Data records.
————

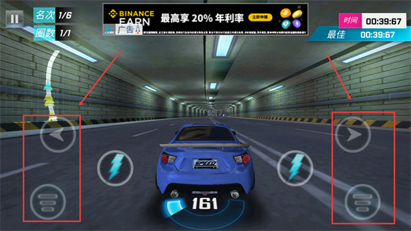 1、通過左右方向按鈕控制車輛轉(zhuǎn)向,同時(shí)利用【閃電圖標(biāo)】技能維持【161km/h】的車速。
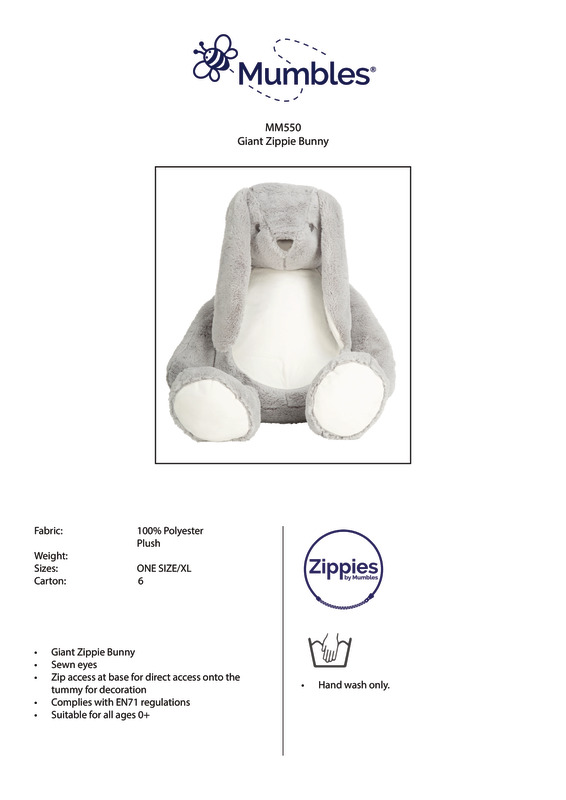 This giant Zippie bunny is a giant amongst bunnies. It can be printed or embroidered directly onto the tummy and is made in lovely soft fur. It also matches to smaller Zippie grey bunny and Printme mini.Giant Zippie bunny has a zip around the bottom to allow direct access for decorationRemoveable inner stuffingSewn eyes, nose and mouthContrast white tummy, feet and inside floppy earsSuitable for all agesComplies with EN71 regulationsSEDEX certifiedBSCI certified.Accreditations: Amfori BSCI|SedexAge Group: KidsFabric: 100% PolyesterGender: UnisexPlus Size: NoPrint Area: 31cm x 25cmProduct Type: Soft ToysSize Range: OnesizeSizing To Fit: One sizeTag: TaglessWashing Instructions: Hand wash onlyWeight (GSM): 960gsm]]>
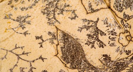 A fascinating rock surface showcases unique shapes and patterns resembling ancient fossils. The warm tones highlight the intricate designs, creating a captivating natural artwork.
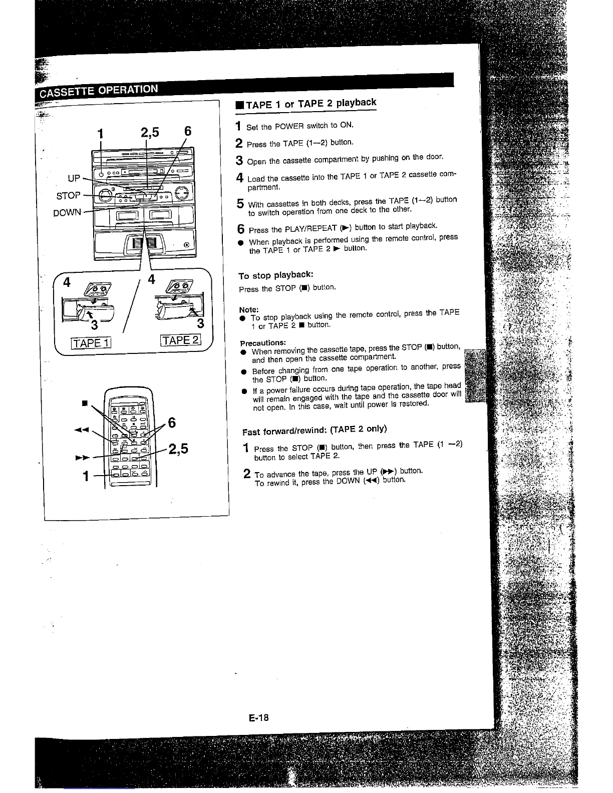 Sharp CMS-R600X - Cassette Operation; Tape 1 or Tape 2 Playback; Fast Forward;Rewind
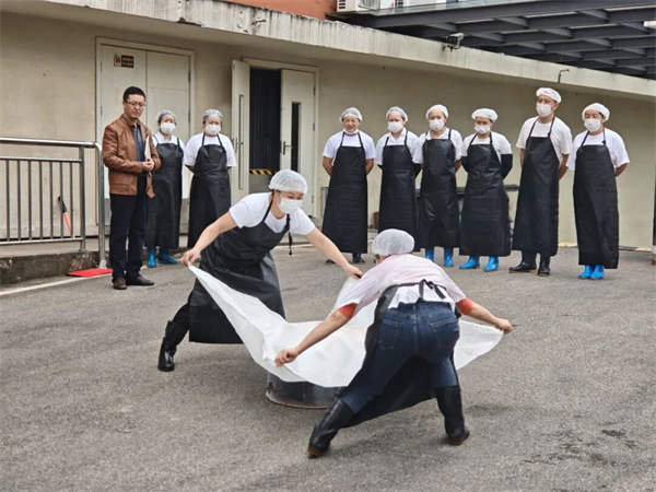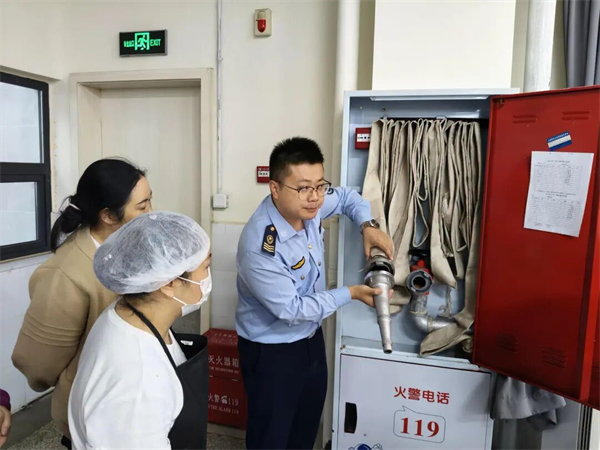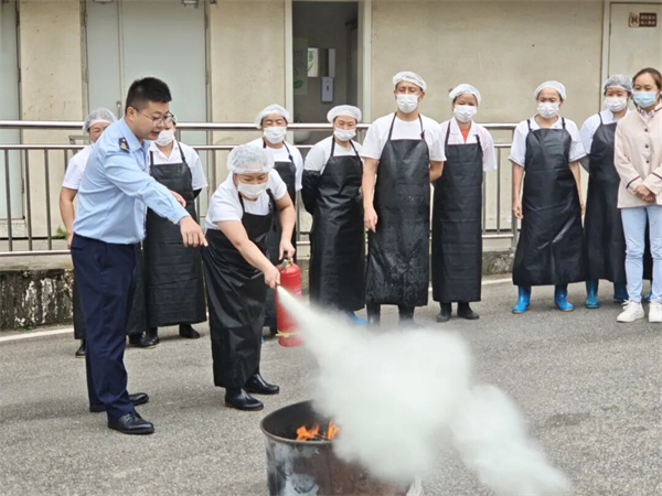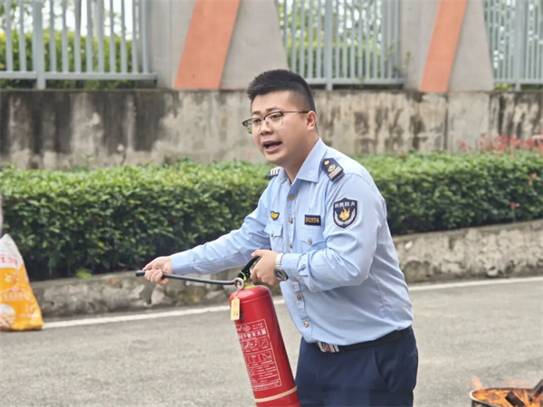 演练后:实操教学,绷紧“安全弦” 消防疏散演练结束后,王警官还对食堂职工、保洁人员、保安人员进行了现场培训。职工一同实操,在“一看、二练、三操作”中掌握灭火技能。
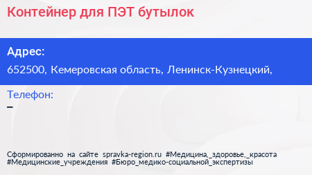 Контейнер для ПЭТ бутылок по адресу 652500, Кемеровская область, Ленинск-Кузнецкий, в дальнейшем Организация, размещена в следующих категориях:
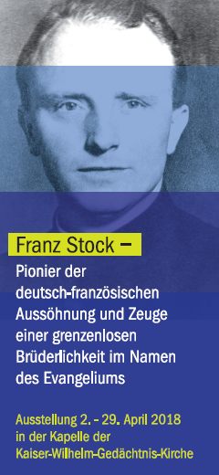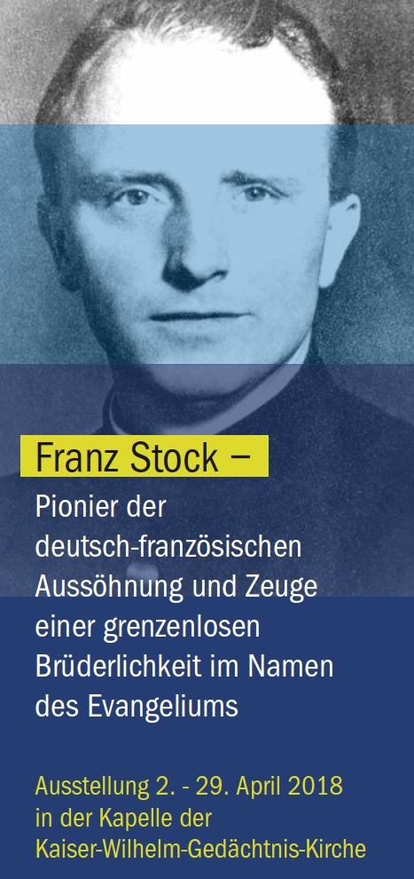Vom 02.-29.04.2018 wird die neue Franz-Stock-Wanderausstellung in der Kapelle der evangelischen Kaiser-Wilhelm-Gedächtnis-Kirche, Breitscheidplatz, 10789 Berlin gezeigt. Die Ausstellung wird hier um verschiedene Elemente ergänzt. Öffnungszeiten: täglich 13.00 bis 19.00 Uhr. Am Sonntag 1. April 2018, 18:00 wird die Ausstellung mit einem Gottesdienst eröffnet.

————

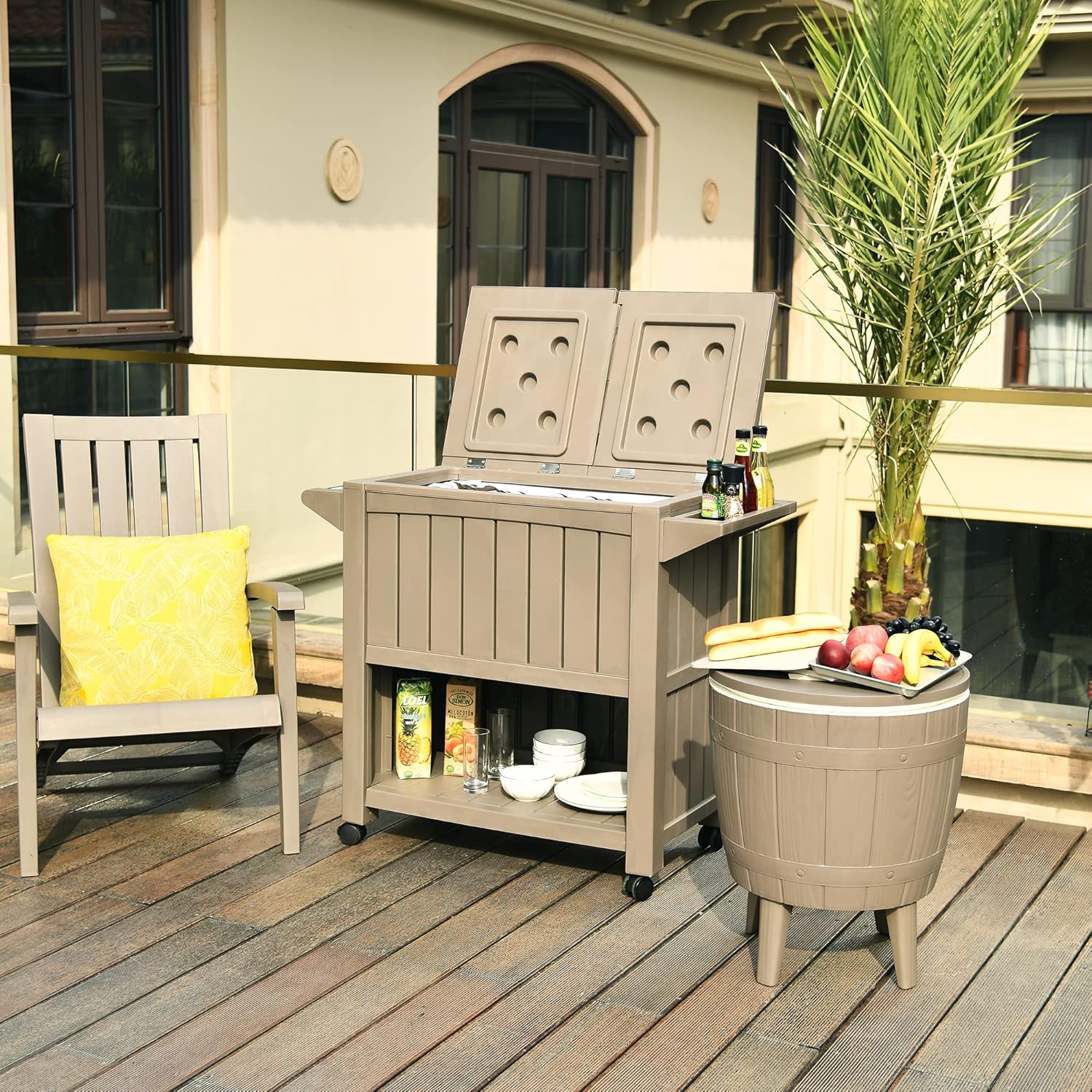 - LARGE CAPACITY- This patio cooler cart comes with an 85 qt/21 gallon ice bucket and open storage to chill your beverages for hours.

————

What you will do. Above are some records; quote exactly and only the lines that begin at the line containing "Sharp CMS-R600X - Cassette" and stop after the line containing "Vom 02.-29.04.2018 wird", leaving out the pictures.

Written solution.
 Sharp CMS-R600X - Cassette Operation; Tape 1 or Tape 2 Playback; Fast Forward;Rewind
 演练后:实操教学,绷紧“安全弦” 消防疏散演练结束后,王警官还对食堂职工、保洁人员、保安人员进行了现场培训。职工一同实操,在“一看、二练、三操作”中掌握灭火技能。
 Контейнер для ПЭТ бутылок по адресу 652500, Кемеровская область, Ленинск-Кузнецкий, в дальнейшем Организация, размещена в следующих категориях:
Vom 02.-29.04.2018 wird die neue Franz-Stock-Wanderausstellung in der Kapelle der evangelischen Kaiser-Wilhelm-Gedächtnis-Kirche, Breitscheidplatz, 10789 Berlin gezeigt. Die Ausstellung wird hier um verschiedene Elemente ergänzt. Öffnungszeiten: täglich 13.00 bis 19.00 Uhr. Am Sonntag 1. April 2018, 18:00 wird die Ausstellung mit einem Gottesdienst eröffnet.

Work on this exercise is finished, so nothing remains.